• [ASSIGNMENT] Find the "The involved Conex shipping container" line in the records below and repeat it and every later line exactly, up to the last; do not include pictures.

• [Stored items from a collection]

______________________________

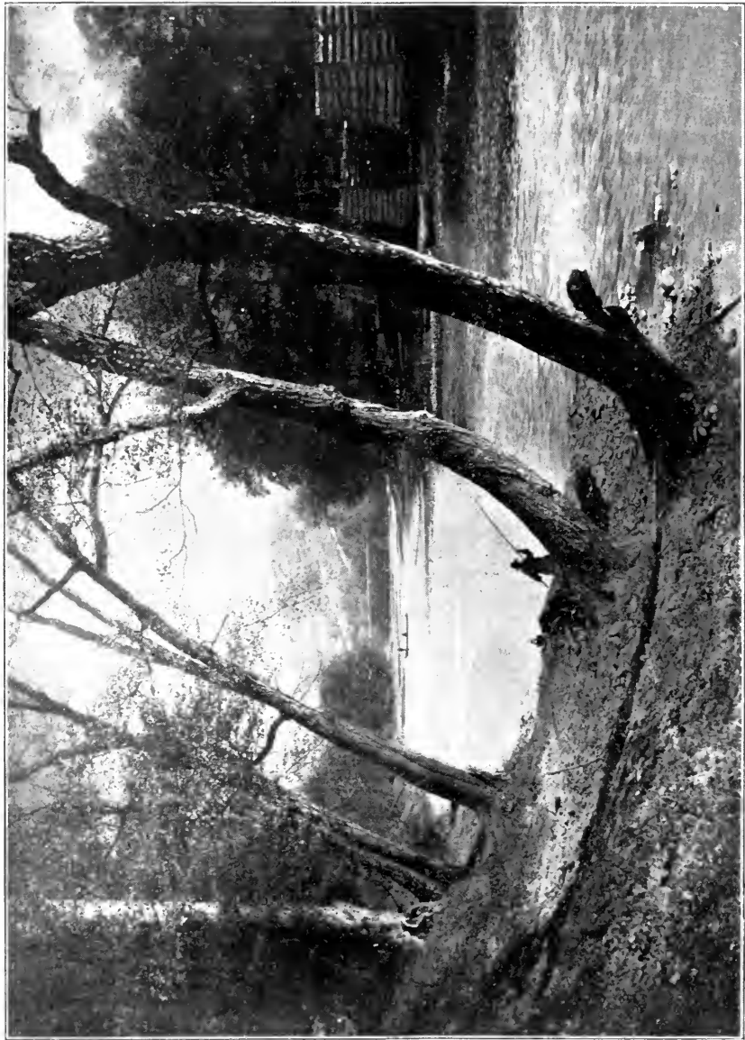
RIVER BIRCHES AT SUTTON, W. VIRGINIA. ( Betula Nigra L. )
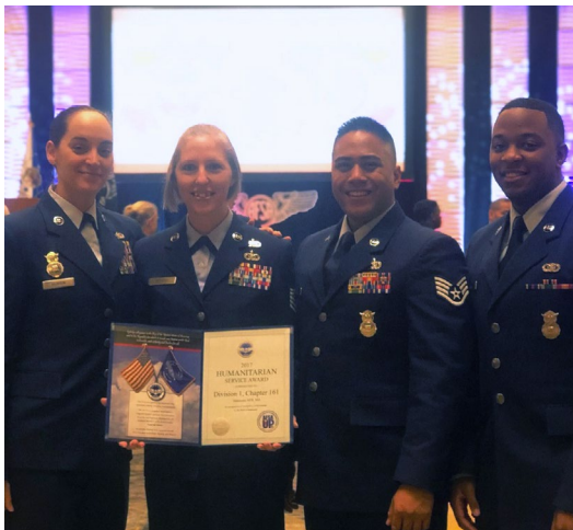
AFSA Chapter 161 was on the verge of being disbanded less than two years ago, now they are stronger than ever and were selected to receive the Humanitarian Service Award for 2017.
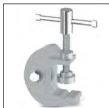
TT-50 Earthing lathe
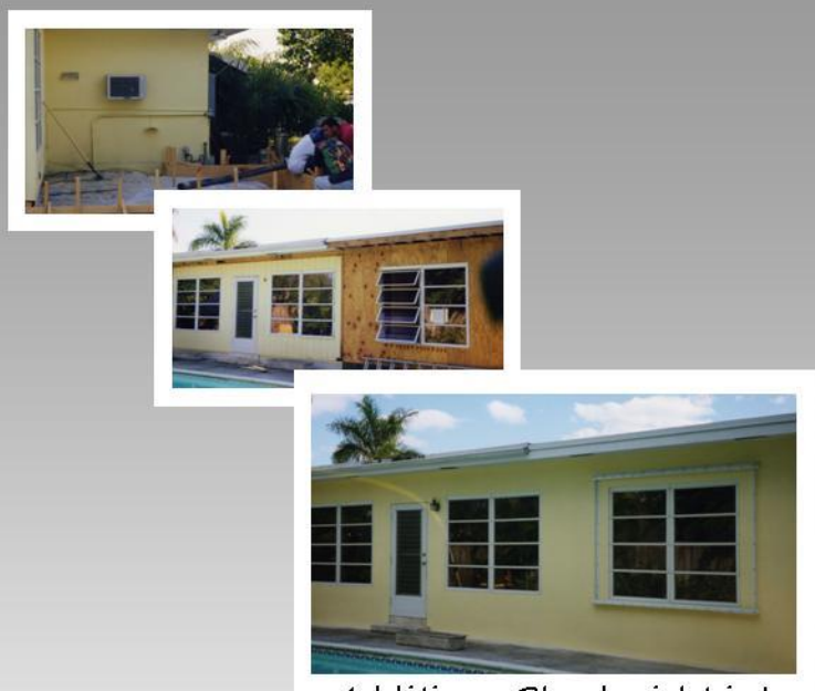
Addition-Blends right in!

Leading Edge Homes designs custom room additions including bedrooms, bathrooms, in-law suites, theaters, family rooms, and more! As a design-build company, Leading Edge Homes ensures that your addition will look like it has always been part of your home, without you needing to hire an architect. See what your addition will look like in 3-D and "walk through" the rooms before we even break ground. Contact us to see how we can help you add a bedroom, bathroom, in-law's suite, or room for any purpose you want.
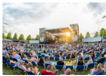
The Lawn at White River State Park
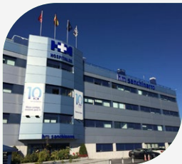
Madrid Norte Sanchinarro Hospital
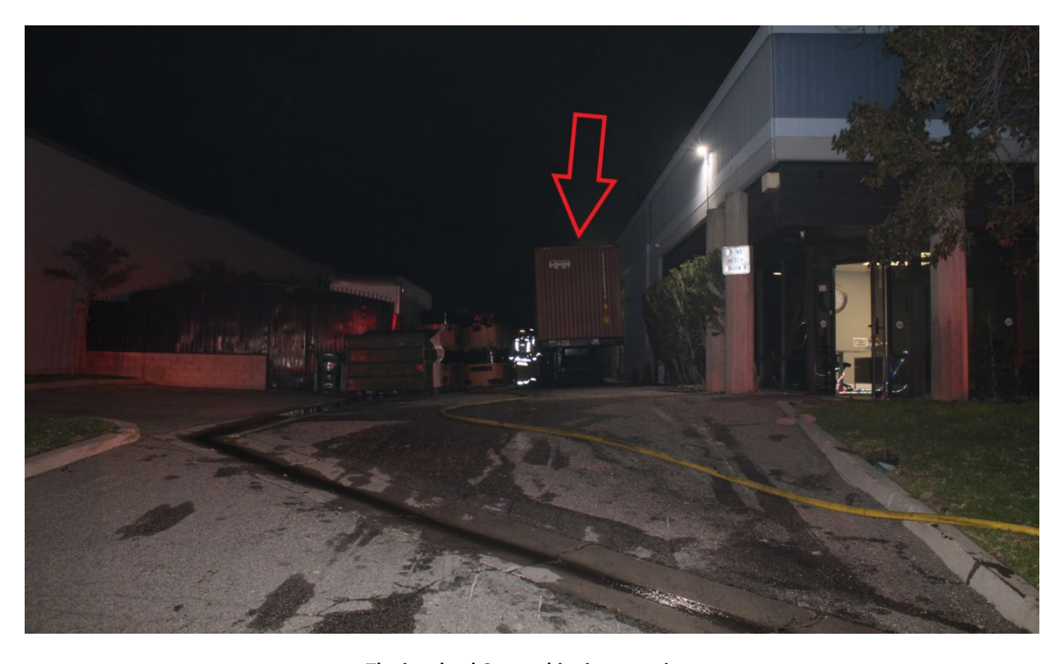
The involved Conex shipping container
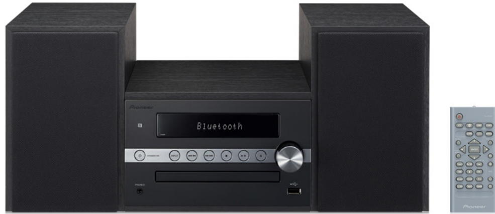
X-CM56B Vertical speaker setup
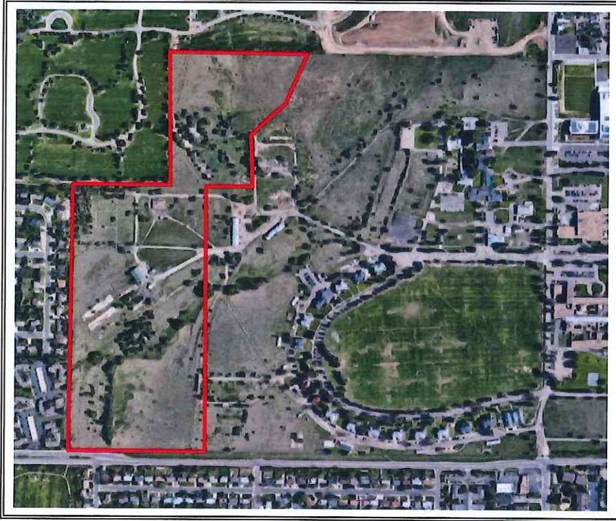
Attachment B: Map of Proposed 66 Acre Acquisition Parcel (project site)

______________________________

• [SOLUTION FOR THIS TASK]
The involved Conex shipping container
X-CM56B Vertical speaker setup
Attachment B: Map of Proposed 66 Acre Acquisition Parcel (project site)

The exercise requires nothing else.